Chapter 8: Using TensorFlow to Create Text

This chapter starts out with an example of tokenizing text and creating a word index. Then a model is built so that it can be trained.

With a trained model it can be used to predict the next word in a seqence. We can then use seed text to generate a token and test the model. We can then repeat this process to generate mode text with alternate seed text.

Using the same process we can use a differet, larger dataset to generate more complex text. The example adjusts the model slightly by adding an additional LSTM layer and increasing the number of epochs.

Chapter 9: Understanding Sequence and Time Series Data

Common attributes of time series data include:

Trend
Seasonality
Autocorrelation
Noise

Techniques for predicting time series data include:

Naive Prediction to create a baseline

Measuring Prediction accuracy:

Mean Absolute Error (MAE)
Mean Squared Error (MSE)

Less Naive: Using Moving Averages

Chapter 10: Creating ML Models to Predict Seqeuences

Windowed datasets can be used to emulate a time series dataset.

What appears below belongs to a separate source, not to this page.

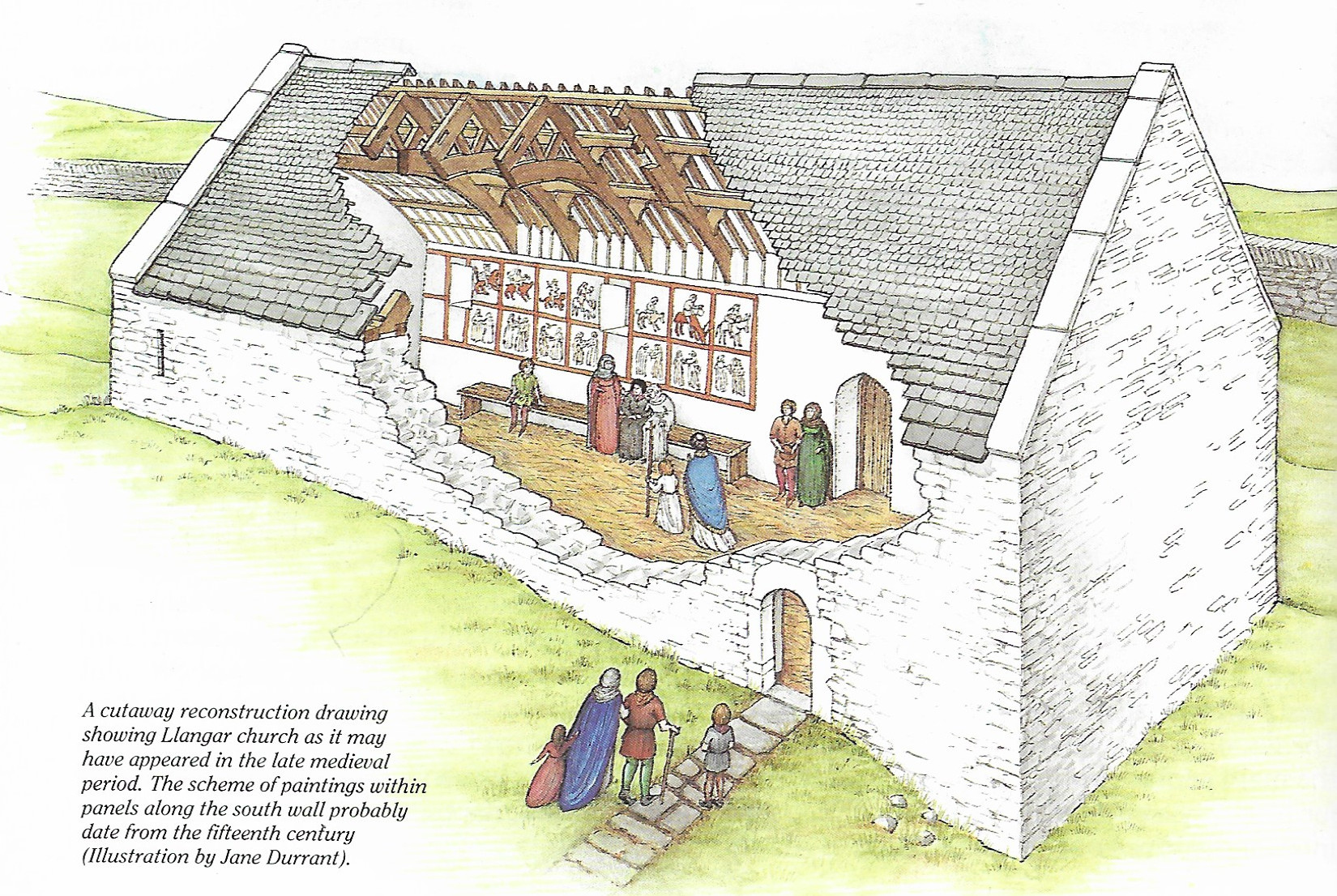Llangar scan Cadw Jane Durrant ← Previous Next → Cutaway reconstruction showing teh south wall panels as they may have looked in the 15th century. By Jane Durrant. Source: Cadw guide book by W. Nigel Yates (full details at end).

The example in this chapter uses a window size of 5 to predict the next value in the sequence.

It goes through the process of creating a windowed version of time series data, then building and training a model.

Tuning the model can be done through the use of Keras Tuner.

Taxonomy

Autocorrelation: The correlation of a signal with a delayed copy of itself as a function of delay.
Convolution: Mathematical filter that works on the pixels of an image.
Dropout: A regularization technique that randomly sets a fraction of input units to 0 at each update during training time, which helps prevent overfitting.
Embedding Dimension: The size of the vector representation of each word in the vocabulary.
Learning Rate: A hyperparameter that controls how much to change the model in response to the estimated error each time the model weights are updated.
Long Short-Term Memory (LSTM): A type of recurrent neural network (RNN) architecture that is capable of learning long-term dependencies.
Natural Language Processing (NLP): A field of AI that focuses on the interaction between computers and humans through natural language.
Noise: Random variation in data that does not contain useful information.
Out of Vocabulary (OOV): Words that are not present in the training vocabulary.
Overfitting: When the model becomes overspecialized to the training data.
Padding: Adding zeros to the beginning or end of a sequence to make it a fixed length.
Regularization: Techniques used to prevent overfitting by adding a penalty to the loss function based on the complexity of the model.
Seasonality: A pattern that repeats at regular intervals in the data.
Stop Words: Common words that are often removed from text data to reduce noise and improve model performance.
Tokenization: The process of breaking down text into smaller units (tokens) for processing.
Transfer Learning: Taking layers from another architecture.
Trend: A long-term increase or decrease in the data.
Vocabulary Size: The number of unique words in the training dataset.